I am grateful to my hon. Friend. The Lord Chancellor will listen with great care to all suggestions made to him with a view to broadening the range from which judicial appointments are made. As for solicitors, although candidates are, naturally, considered on their merits, the Lord Chancellor is anxious to encourage more solicitors to put themselves forward for judicial appointment when they have reached the appropriate age and standing. He consults more widely than ever before on this matter and is evaluating the results of a pilot scheme designed to improve the methods by which solicitors are identified for potential judicial appointments.

Mr. Mullin

Does the Attorney-General detect any concern on the part of the Law Society about the inability of senior members of the judiciary to distinguish between innocence and guilt?
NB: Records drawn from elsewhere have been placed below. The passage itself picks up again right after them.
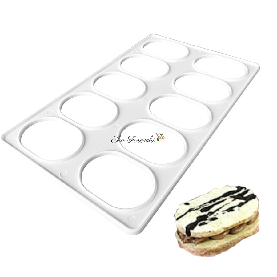 Foremki do zrobienia dużych owalnych bez i biszkoptów. Szablon na ciastka do kawy. Okrągłe oczka, dzięki którym stworzysz idealne duże okręgi z biszkoptu lub bezy. Kod produktu 3169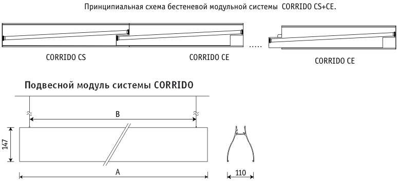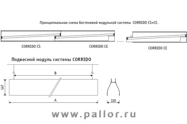 Комплект состоит минимум их двух модулей: CORRIDO CS, CORRIDO CE. CORRIDO CS — стартовый модуль. CORRIDO CE — основной модуль, из которого формируется линия. Соединительные элементы входят в комплект поставки.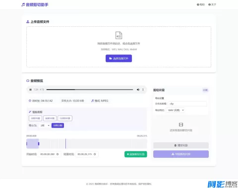 音频在线剪切助手网页版源码 所有音频处理均在本地完成 1. 上传音频 点击”选择音频文件”按钮或直接拖放音频文件到上传区域。支持MP3、WAV、OGG和WebM格式。 2. 智能裁剪功能 快速创建标准时长片段或...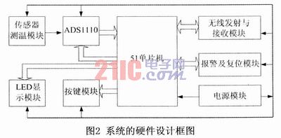 此基于EL-700鉑熱電阻傳感器的高精度測溫裝置既可以單機(jī)工作,又可以通過無線收發(fā)模塊實(shí)現(xiàn)與計(jì)算機(jī)之間的無線數(shù)據(jù)傳輸,把采集到的溫度信號(hào)送到計(jì)算機(jī)中進(jìn)行分析、處理及打印,從而實(shí)現(xiàn)數(shù)據(jù)的遠(yuǎn)距離傳輸與處理。測溫裝置主要由溫度信號(hào)的檢測與采集電路、LED顯示、按鍵控制、電源、報(bào)警及復(fù)位、無線發(fā)射與接收等功能模塊組成,每一個(gè)電路模塊完成一定的功能,測溫裝置的硬件總體組成框圖如圖2所示。
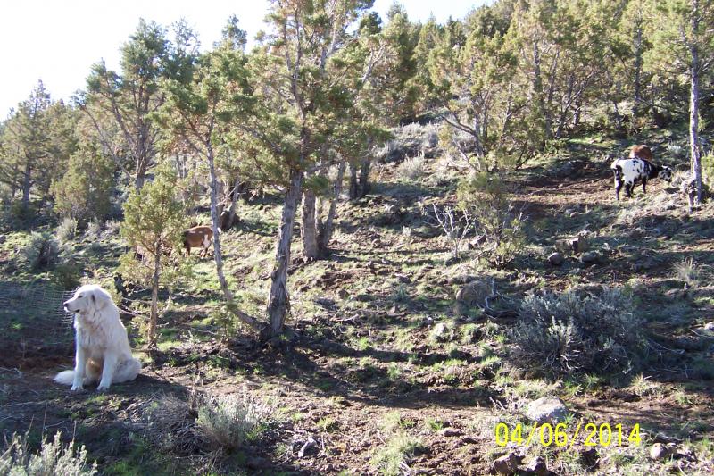 Here at the ranch we also raise LGD's as protectors for our herd. We have found the Great Pyrenees to be the perfect breed for goat protection. They are loyal loving dogs who take their job seriously. They are fearless and fearsome to their enemies. They not only protect their goats, they protect their people, cats, dogs, chickens, children and area of responsibility completely.

Does he have any plans to take action on that? My question is motivated neither by ignorance nor by malice.

The Attorney-General

I do not answer for the Law Society. The hon. Gentleman will know that any judicial system is only as good as the quality of the evidence fed into the trials over which judges preside. The judges hold the ring and enforce the rules. Although every effort must be made—the hon. Gentleman knows that every effort is made—to rectify any miscarriage of justice that may later be found to have occurred, the people of this country acknowledge that our judiciary is of a high standard.

Mr. Bowis

Does my right hon. and learned Friend agree that the public's confidence in members of the Law Society would be greatly enhanced by the setting up of the legal ombudsman? Will he report on how that system is progressing?

The Attorney-General

This is the age of the ombudsman and I am sure that his arrival has been generally welcomed. However, it is too early for us to assess what progress he is making.

Mr. Fraser

When the Attorney-General meets the president of the Law Society, what will he be able to do to assuage what the Lord Chancellor called the perfectly genuine cries of hardship from legal aid practitioners? What will be the percentage increase for legal aid work that should take place after 1 April this year and what proposals does he have for easing the cash flow for legal aid practitioners who are suffering from high interest rates and the fall-off of work that used to be subsidised by the commercial and conveyancing sectors?

The Attorney-General

These are all important matters which the Legal Aid Board keeps under review.